ECLI:NL:CRVB:2024:441

Centrale Raad van Beroep

Datum uitspraak
6 maart 2024
Publicatiedatum
6 maart 2024
Zaaknummer
23/623 WIA
Instantie
Centrale Raad van Beroep
Type
Uitspraak
Rechtsgebied
Bestuursrecht; Socialezekerheidsrecht
Procedures
  • Hoger beroep
Vindplaatsen
  • Rechtspraak.nl
AI samenvatting door LexboostAutomatisch gegenereerd

Weigering van WIA-uitkering op basis van arbeidsongeschiktheid en medische beoordeling

In deze zaak heeft de Centrale Raad van Beroep op 6 maart 2024 uitspraak gedaan in hoger beroep tegen de beslissing van de rechtbank Noord-Holland. De appellant, die voorheen als cargo officer werkte, had een WIA-uitkering aangevraagd na een operatie aan zijn rechterknie en een eerdere afwijzing van het Uwv. Het Uwv had in 2021 vastgesteld dat appellant minder dan 35% arbeidsongeschikt was, wat leidde tot de weigering van de uitkering. De rechtbank had het beroep van appellant tegen deze beslissing ongegrond verklaard, waarna appellant in hoger beroep ging.

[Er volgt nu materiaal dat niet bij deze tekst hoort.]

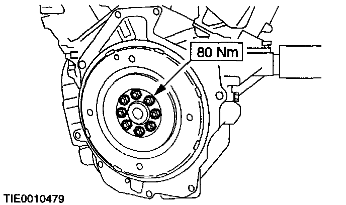 ^ Install the flywheel and tighten the bolts working diagonally.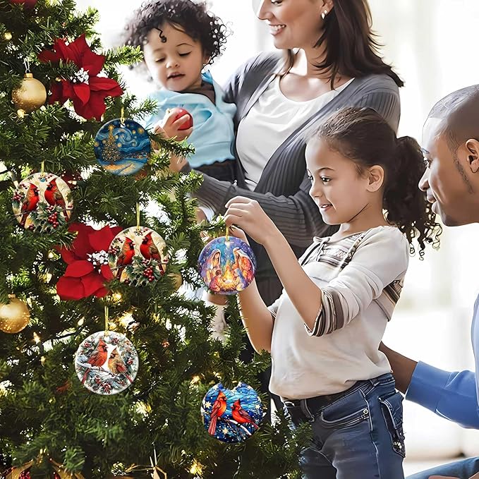Nativity Night Ornaments Nativity Scene Round Ceramic Watercolor Birth of Jesus Christ Hanging Ornament Christmas Keepsake Decor for Xmas Tree Winter Holiday Xmas Gift for Women Men 3"

De Raad beoordeelde of de rechtbank terecht het besluit van het Uwv in stand had gelaten. De Raad concludeerde dat het medisch onderzoek door de verzekeringsarts zorgvuldig was uitgevoerd en dat de medische beperkingen zoals vastgelegd in de Functionele Mogelijkhedenlijst (FML) van 28 oktober 2021 juist waren. Appellant had aangevoerd dat zijn beperkingen waren onderschat, maar de Raad oordeelde dat er geen nieuwe medische feiten waren die deze claim ondersteunden. De Raad bevestigde de uitspraak van de rechtbank en oordeelde dat appellant in staat was de aan de schatting ten grondslag gelegde functies te vervullen.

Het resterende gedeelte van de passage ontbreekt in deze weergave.